Make an exact copy, from the records below, of the lines from the line containing "Sparkly Crystal Halter" to the line containing "सर्लाही, १८ चैत", both lines included, excluding pictures.
Given entries section start
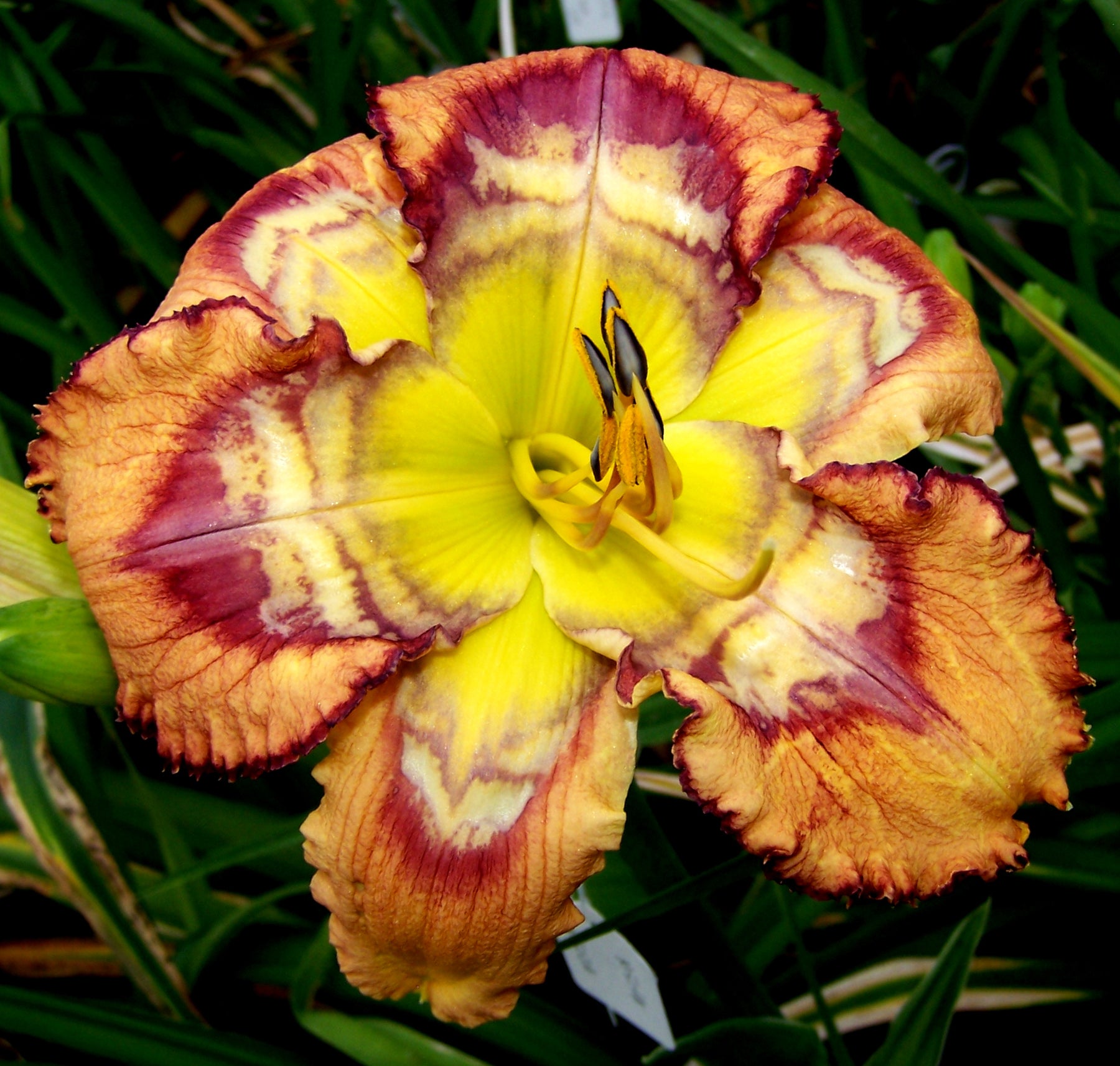 Trembler is a tetraploid daylily that has been central to our patterned breeding for about five years. It features caramel petals with a maroon eye and a striking, contrasting pattern on both petals and sepals. Developed from seedling N514A, a cross between K1435N and All Revved Up which itself can display patterns. This variety produces 6-inch blooms on three branches with 12 to 20 buds. With semi-evergreen foliage, Trembler is an essential choice for those interested in distinctive patterned daylilies.
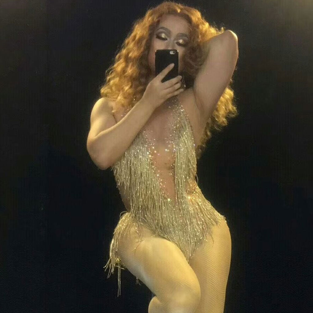 Sparkly Crystal Halter Neck Sequined Fringe Sleeveless Club Bodysuit
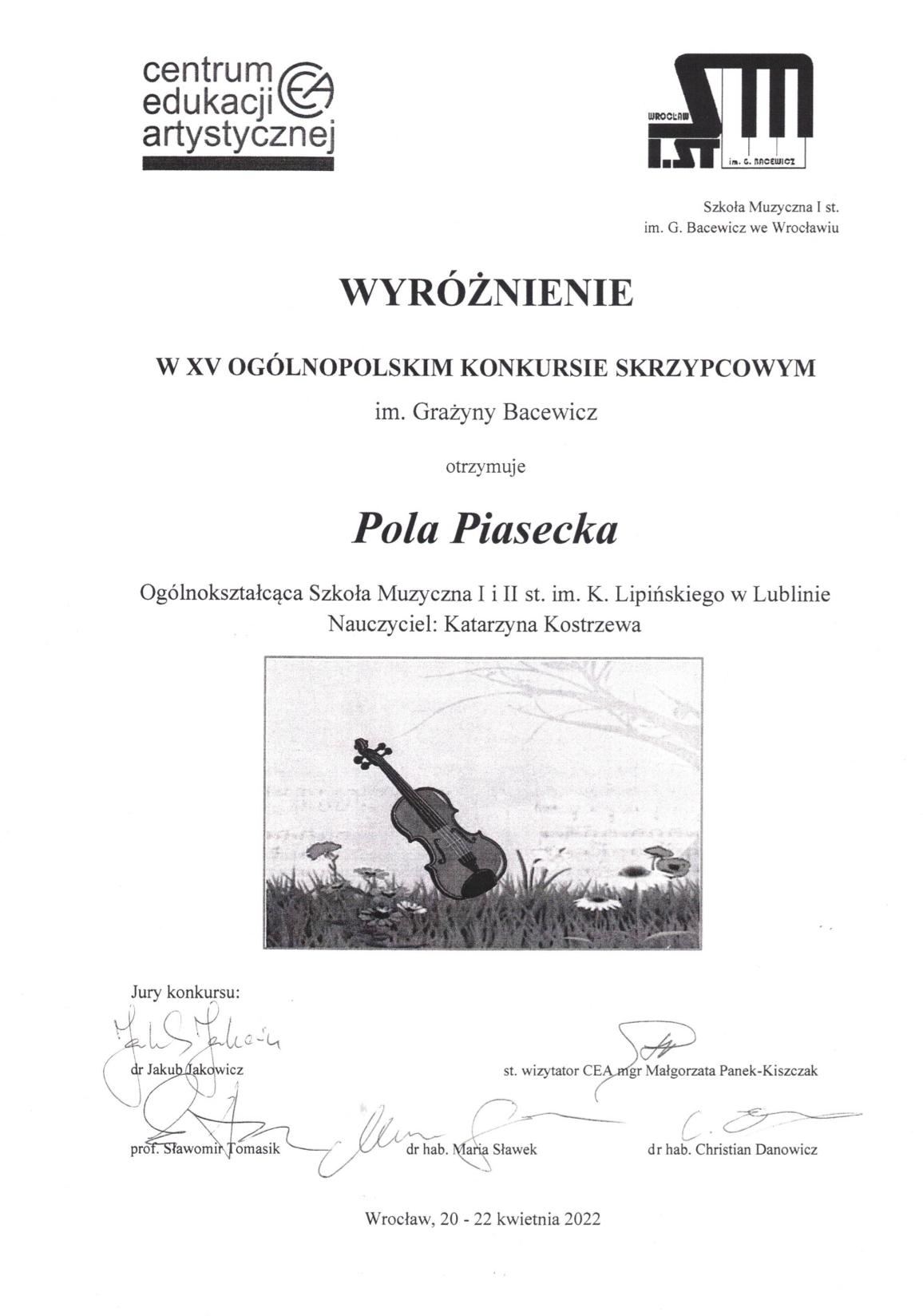 Pola Piasecka zdobyła WYRÓŻNIENIE w XV Ogólnopolskim Konkursie Skrzypcowym im. Grażyny Bacewicz, naucz. Pani Katarzyna Kostrzewa
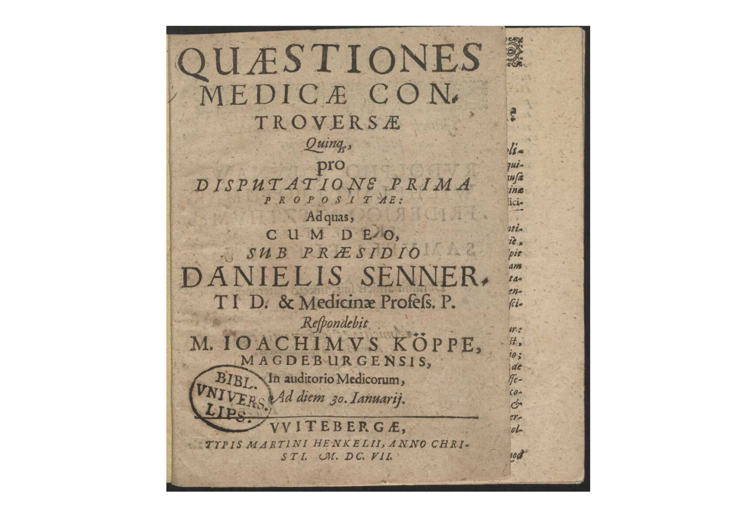 Quaestiones Medicae Controversae Quinque, Pro Disputatione Prima Propositae / Ad quas, Cum Deo, Sub Praesidio Danielis Sennerti D. & Medicinae profess. P. Respondebit M. Joachimus Köppe, Magdeburgensis, In auditorio Medicorum, Ad diem 30. Januarii.
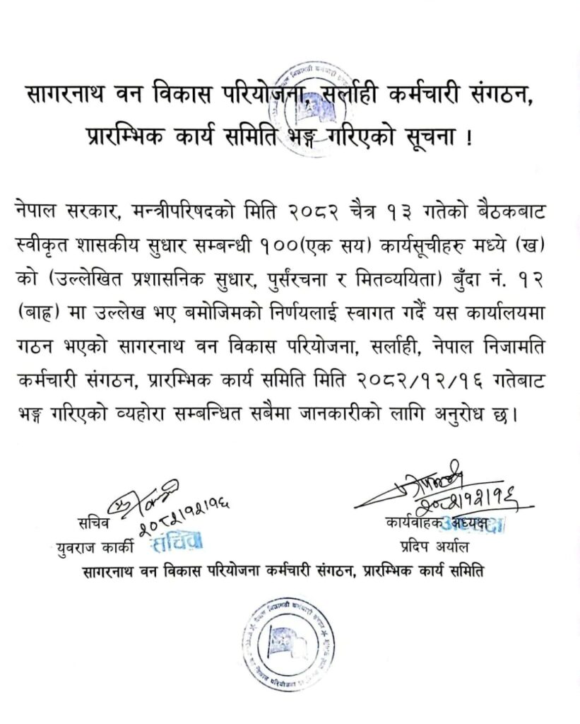 सर्लाही, १८ चैत । सर्लाहीस्थित सागरनाथ वन विकास परियोजनाको कर्मचारी संगठनको प्रारम्भिक कार्य समिति भंग गरिएको छ ।
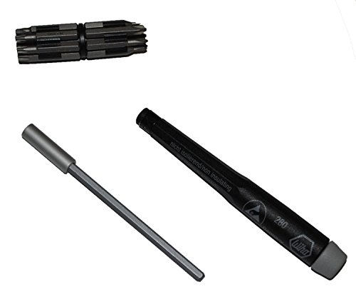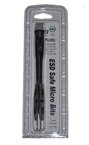 Wiha 75093 sixteen piece ESD safe micro bit set with slotted, phillips and torx bits. Includes ESD safe handle with indexed bit storage ring. Slotted bits 1.5, 2.0, 2.5 and 3.0. Phillips bits 00, 0 and 1. Torx bits T6, 7, 8, 9, 10, 15 and 20. Bit holder 100mm long. Handle ESD safe conductive.
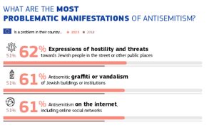 - 61% sier at antisemittisk graffiti eller hærverk og antisemittisme på nett (50% i 2018) er et problem i landet deres.
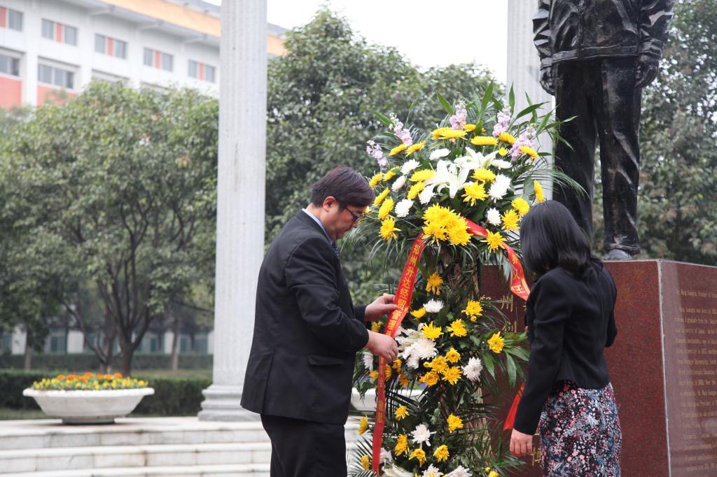 张其武处长、张雯静同学代表全校师生敬献花篮并整理花篮缎带;
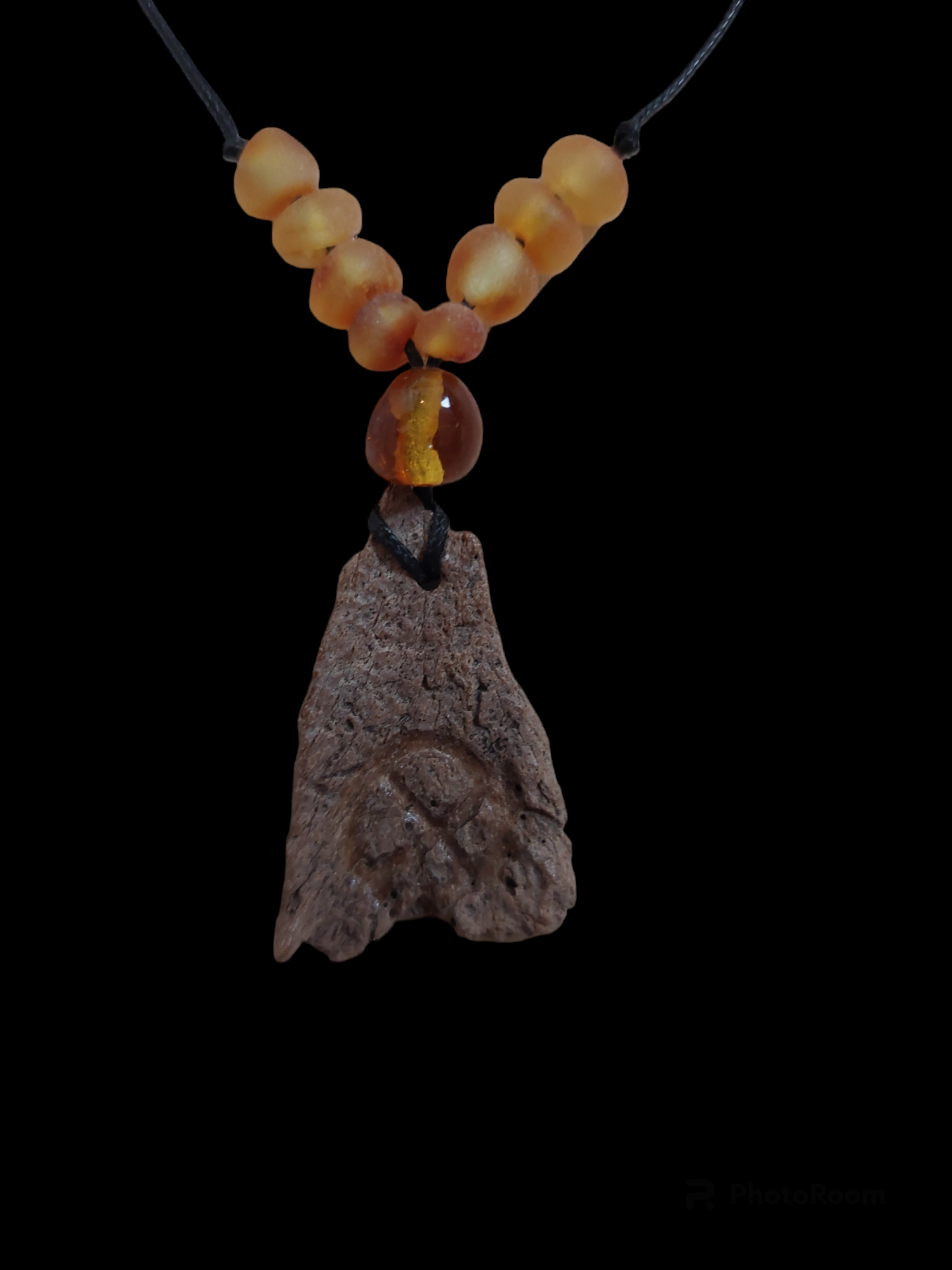 Engraved fossilized bone and amber amulet necklace #1
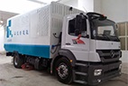 4、按全啟按鈕,引風機首先啟動,高壓水啟動;四個刷盤下降至工作高度,旋轉(zhuǎn);三個負壓吸口導流罩也降至工作高度;車啟步、工作開始。道槽、路基和路面同時清潔。
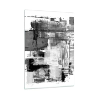 Quadro su vetro - Astrazione in bianco e nero con struttura geometrica - 50x70cm - Il grigio è bello - Decorazione murale moderna per soggiorno e camera da letto ARTTOR
Given entries section end
#### Your solution:
 Sparkly Crystal Halter Neck Sequined Fringe Sleeveless Club Bodysuit
 Pola Piasecka zdobyła WYRÓŻNIENIE w XV Ogólnopolskim Konkursie Skrzypcowym im. Grażyny Bacewicz, naucz. Pani Katarzyna Kostrzewa
 Quaestiones Medicae Controversae Quinque, Pro Disputatione Prima Propositae / Ad quas, Cum Deo, Sub Praesidio Danielis Sennerti D. & Medicinae profess. P. Respondebit M. Joachimus Köppe, Magdeburgensis, In auditorio Medicorum, Ad diem 30. Januarii.
 सर्लाही, १८ चैत । सर्लाहीस्थित सागरनाथ वन विकास परियोजनाको कर्मचारी संगठनको प्रारम्भिक कार्य समिति भंग गरिएको छ ।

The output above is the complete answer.